> _YOUR INSTRUCTIONS_
Quote each line of the material verbatim, without the pictures.

> _DATASET SECTION_

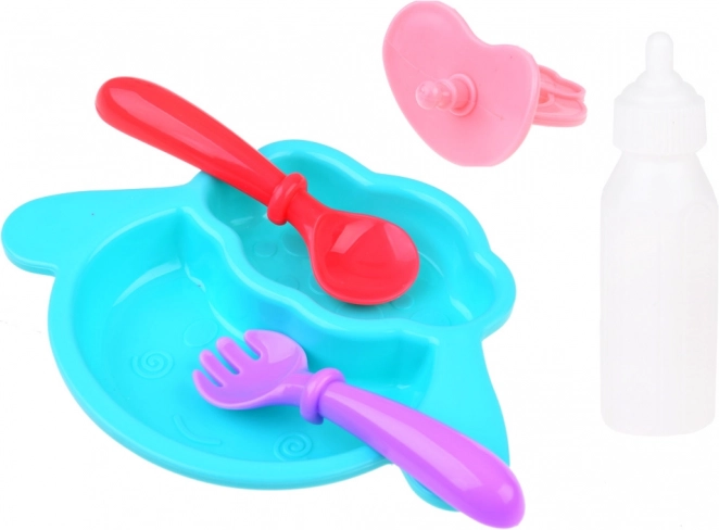 A bottle, pacifier, and a plate with cutlery support feeding play and care routines. Accessories like the potty and towel complete the authentic 'little parent' role-play experience.
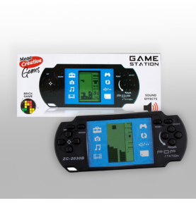 Kieszonkowa gra elektroniczna MEGA CREATIVE to mała, poręczna wersja klasycznego gameboya, idealna do zabawy w podróży, kolejce czy podczas przerwy. Zawiera wiele kultowych gier, m.in. Tetris, wyścigi czy czołgi, rozwijając spostrzegawczość i zręczność. Produkt dla dzieci od 6 lat.
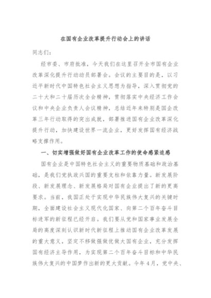 / 【七哥公文】2024年:在国有企业改革提升行动会上的讲话+更多免费公文+VX:QiGeGongWen2024
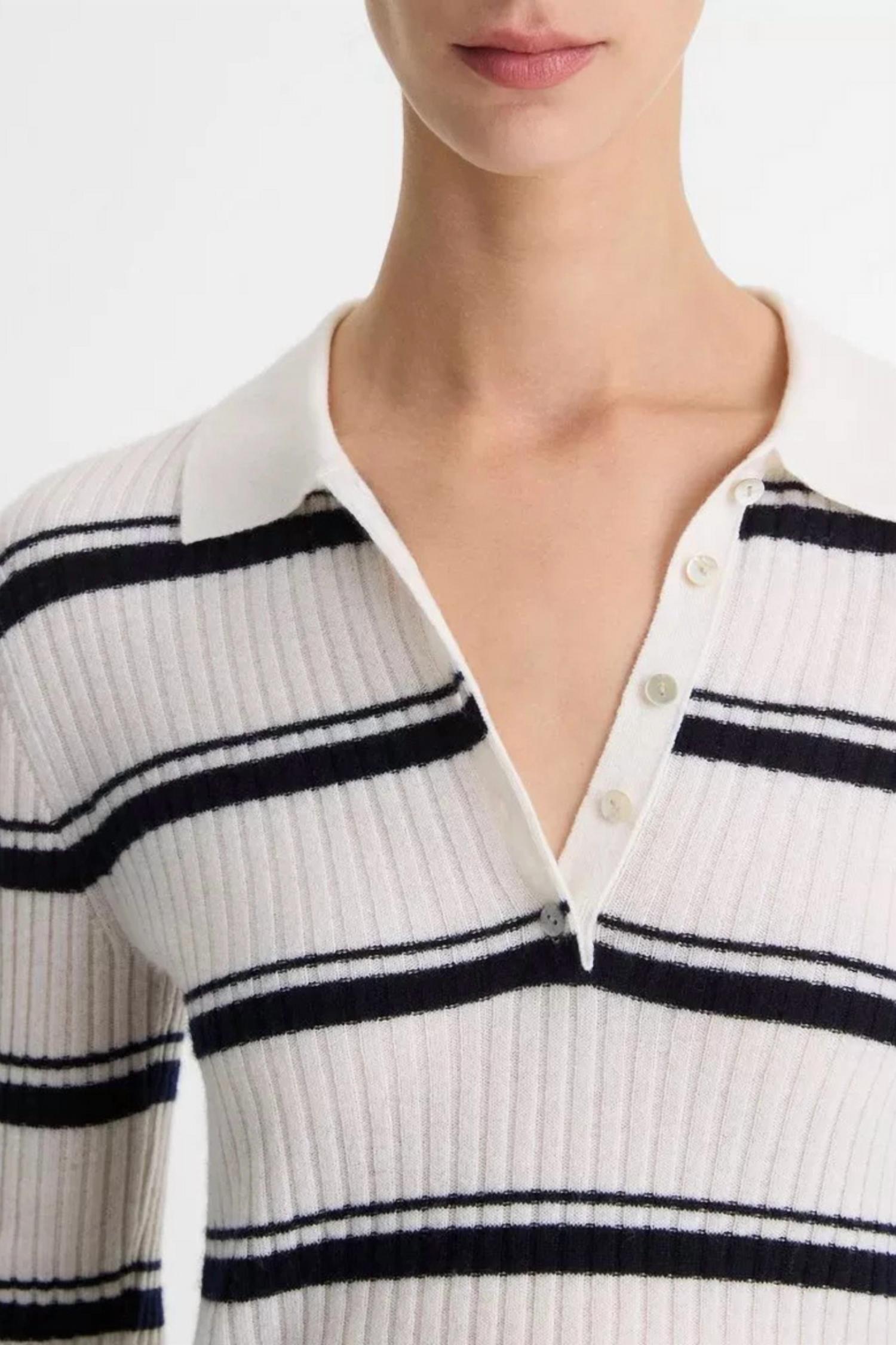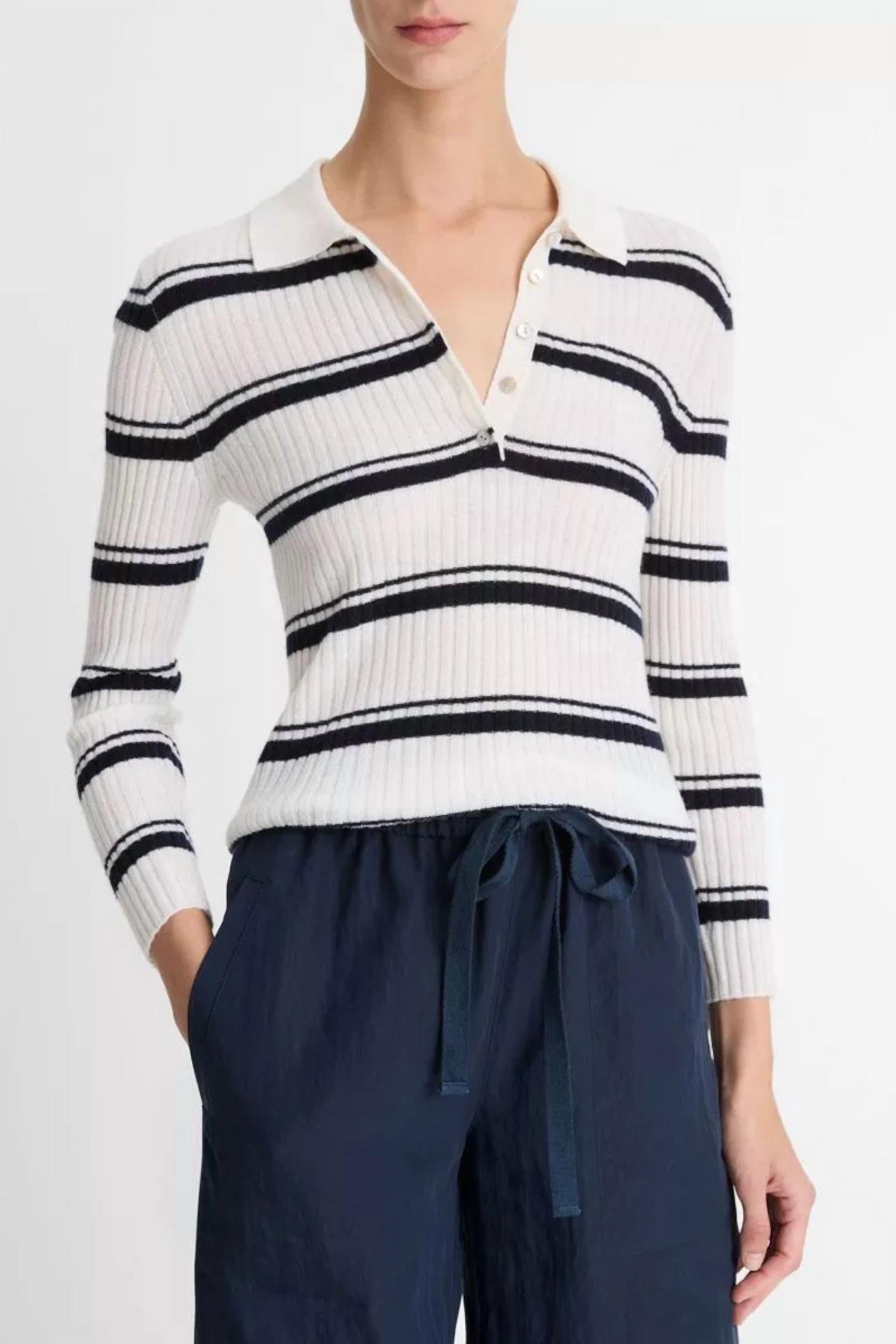 Stay warm and stylish in this versatile and effortlessly cool knitwear staple. Wear it alone or layered, it's the perfect sweater for the season and you'll wish you had it in every color. Experience luxurious comfort with the Vince Silk Blend Stripe Polo Sweater, an elegant addition to your spring wardrobe. This long sleeve sweater combines a ribbed blend of 85% cashmere, 13% silk, 1% nylon, and 1% spandex, offering a soft hand feel and a beautiful drape. Designed in a classic white and black stripe pattern, it features a five-button closure for a polished look. Care: Dry clean only. Ideal for workwear or a concert occasion.

> _TASK ANSWER_
 A bottle, pacifier, and a plate with cutlery support feeding play and care routines. Accessories like the potty and towel complete the authentic 'little parent' role-play experience.
 Kieszonkowa gra elektroniczna MEGA CREATIVE to mała, poręczna wersja klasycznego gameboya, idealna do zabawy w podróży, kolejce czy podczas przerwy. Zawiera wiele kultowych gier, m.in. Tetris, wyścigi czy czołgi, rozwijając spostrzegawczość i zręczność. Produkt dla dzieci od 6 lat.
 / 【七哥公文】2024年:在国有企业改革提升行动会上的讲话+更多免费公文+VX:QiGeGongWen2024
 Stay warm and stylish in this versatile and effortlessly cool knitwear staple. Wear it alone or layered, it's the perfect sweater for the season and you'll wish you had it in every color. Experience luxurious comfort with the Vince Silk Blend Stripe Polo Sweater, an elegant addition to your spring wardrobe. This long sleeve sweater combines a ribbed blend of 85% cashmere, 13% silk, 1% nylon, and 1% spandex, offering a soft hand feel and a beautiful drape. Designed in a classic white and black stripe pattern, it features a five-button closure for a polished look. Care: Dry clean only. Ideal for workwear or a concert occasion.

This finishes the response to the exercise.